_SOURCE MATERIAL_
*** Begin section ***

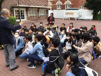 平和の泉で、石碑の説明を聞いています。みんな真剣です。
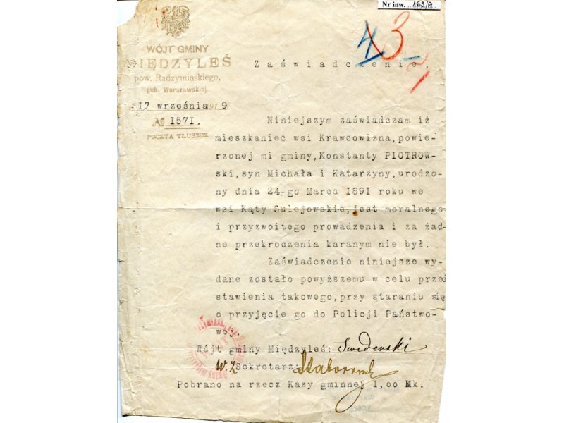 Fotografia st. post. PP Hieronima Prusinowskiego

*** End section ***
*** Begin section ***

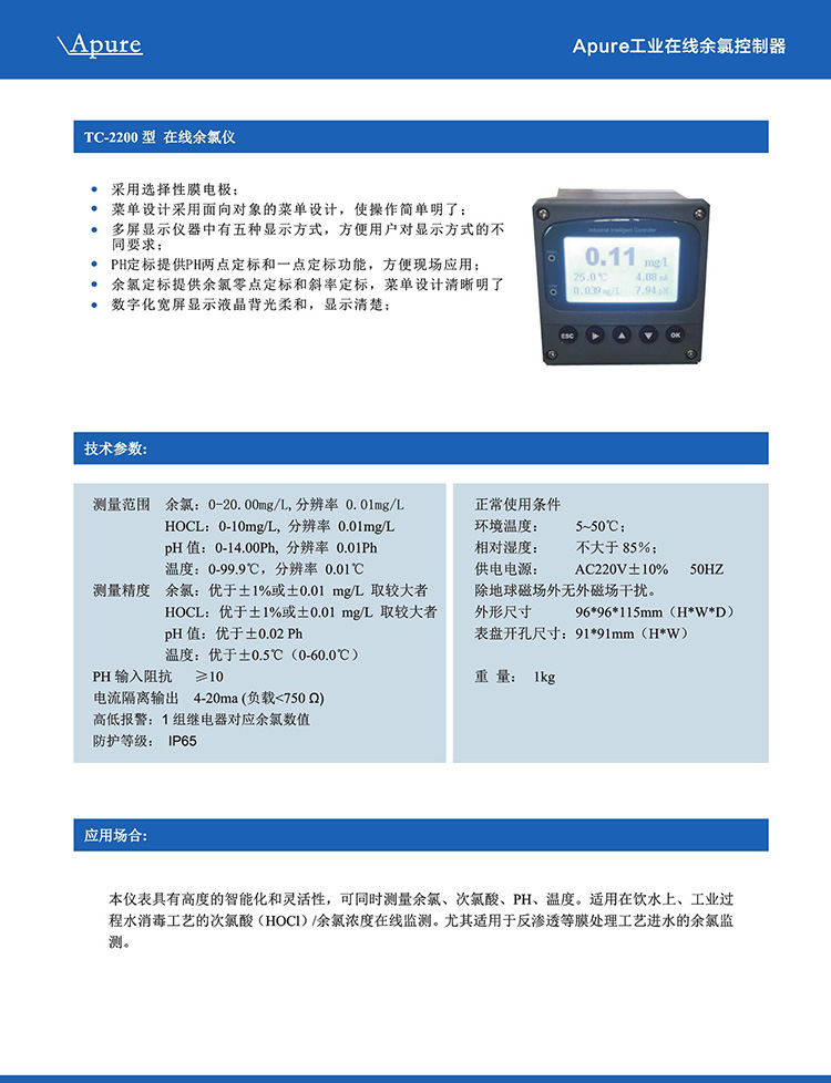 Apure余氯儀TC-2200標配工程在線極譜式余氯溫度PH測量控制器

*** End section ***

_TASK TO COMPLETE_
Transcribe, word for word, the lines of the listing above from the one that contains "平和の泉で、石碑の説明を聞いています。みんな真剣です。" through the one that contains "Fotografia st. post.", keeping both ends and dropping the pictures.

_WRITTEN ANSWER_
 平和の泉で、石碑の説明を聞いています。みんな真剣です。
 Fotografia st. post. PP Hieronima Prusinowskiego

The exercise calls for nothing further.